At some point in the second half of the 1980s, John Minihan’s famous portrait of Samuel Beckett first appeared in one of London’s Sunday newspapers. I tracked John down – no easy feat in those pre-Google days – and met him over drinks one evening. He very kindly gave me some pictures, told me about his friendship with Beckett, and about the circumstances in which that extraordinary image of the writer was taken. It was 1985 and Beckett and Minihan were meeting across the street from Beckett’s apartment on the Boulevard St. Jacques in Paris, in Le Petit Café of the PLM Hotel.

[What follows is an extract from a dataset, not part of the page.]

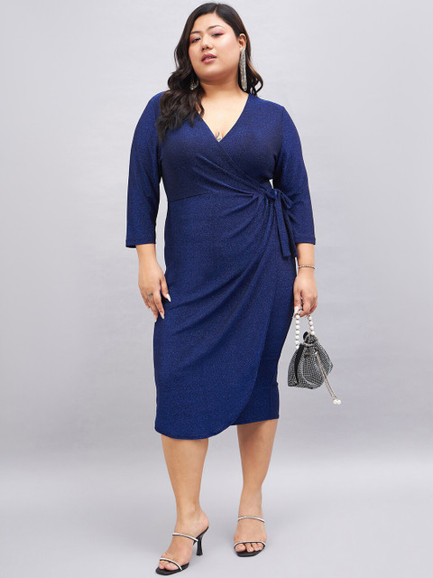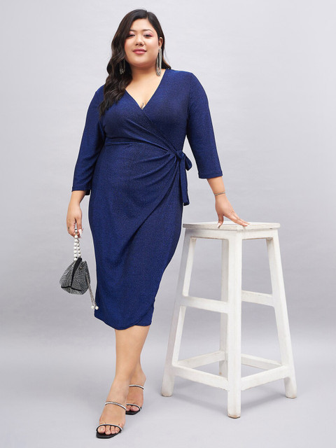 - Blue solid wrap dress

Last week I checked into the Marriott Rive Gauche and discovered quite by chance that the PLM Hotel had morphed into a Marriott at some point in the intervening years and that my room looked out onto Beckett’s modest apartment on the 6th floor of 38 Boulevard St. Jacques. On heading to the lobby it was easy to find the spot Beckett and Minihan had sat that day more than 30 years ago. I strolled over to the apartment block, marveling that it bore no sign or plaque recording the years spent there by a great writer, and then went around the corner to Le Tiers Temps, the nursing home where Beckett died in December 1989. Time pressures prevented me from completing this mini pilgrimage with a short stroll to the great writer’s resting place in the nearby Montparnasse Cemetery and, as many do, leaving a small pebble on his gravestone as a small mark of honor. Next time, for sure.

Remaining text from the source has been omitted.